I've written a WordPress plugin which sends out new post notifications. There is a setting to convert subject lines from html entites to quoted-printable so they'll display in UTF-8 on any email client. A few weeks ago I started getting reports that the quoted-printable subject line was being kept as-is instead of being decoded.
Sample Subject header:
Subject: =?UTF-8?Q?[Pranamanasyoga]=20Foro=20Pranamanasyoga=20:=20estr?= =?UTF-8?Q?=C3=A9s=20y=20resilencia?=
I cannot replicate it locally and have not been able to find any common denominators between reporters.
The code that generates the quoted-printable line is this:
<?php
$enc = iconv_get_encoding( 'internal_encoding' ); // this is UTF-8
$preferences = ['input-charset' => $enc, 'output-charset' => "UTF-8", 'scheme' => 'Q' ];
$filtered_subject = '[Pranamanasyoga] Foro Pranamanasyoga : estrés y resilencia';
$encoded = iconv_mime_encode( 'Subject', html_entity_decode( $filtered_subject ), $preferences );
$encoded = substr( $encoded, strlen( 'Subject: ' ) );
If I try decoding it, it works fine:
$decoded = iconv_mime_decode($encoded, 0, "UTF-8");
var_dump(['encoded' => $encoded, 'decoded' => $decoded])."\n";
Result:
array(2) {
["encoded"]=>
string(102) "=?UTF-8?Q?[Pranamanasyoga]=20Foro=20Pranamanasyoga=20:=20estr?=
=?UTF-8?Q?=C3=A9s=20y=20resilencia?="
["decoded"]=>
string(59) "[Pranamanasyoga] Foro Pranamanasyoga : estrés y resilencia"
}
One thing I noticed, but think is not related is that my code actually adds a newline before the second =?UTF-8?Q?

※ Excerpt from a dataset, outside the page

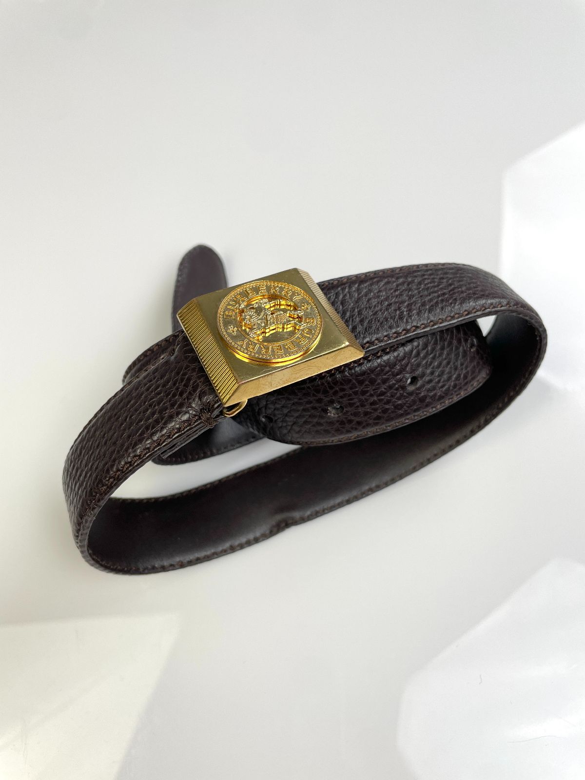 PEBBLED LEATHER DRESS BELT, HEAVY GOLD BUCKLE CLASSIC KNIGHT ICON

piece and the email subject header does not have it. Decoding the strings with- and without the newline works the same.
Does anyone have ideas/suggestions on what may be causing the email clients (Gmail included) to display the string as-is, instead of decoding it to UTF-8?
P.S. While writing this I saw a suggestion to use mb_encode_mimeheader()
in a different thread. It seems to work well with iconv_mime_decode()
in my test code, but the output string is indeed different from the original one:
[Pranamanasyoga] Foro Pranamanasyoga : =?UTF-8?Q?estr=C3=A9s=20y=20resile?=
=?UTF-8?Q?ncia?=
Could it be that email clients would prefer this format over the original one?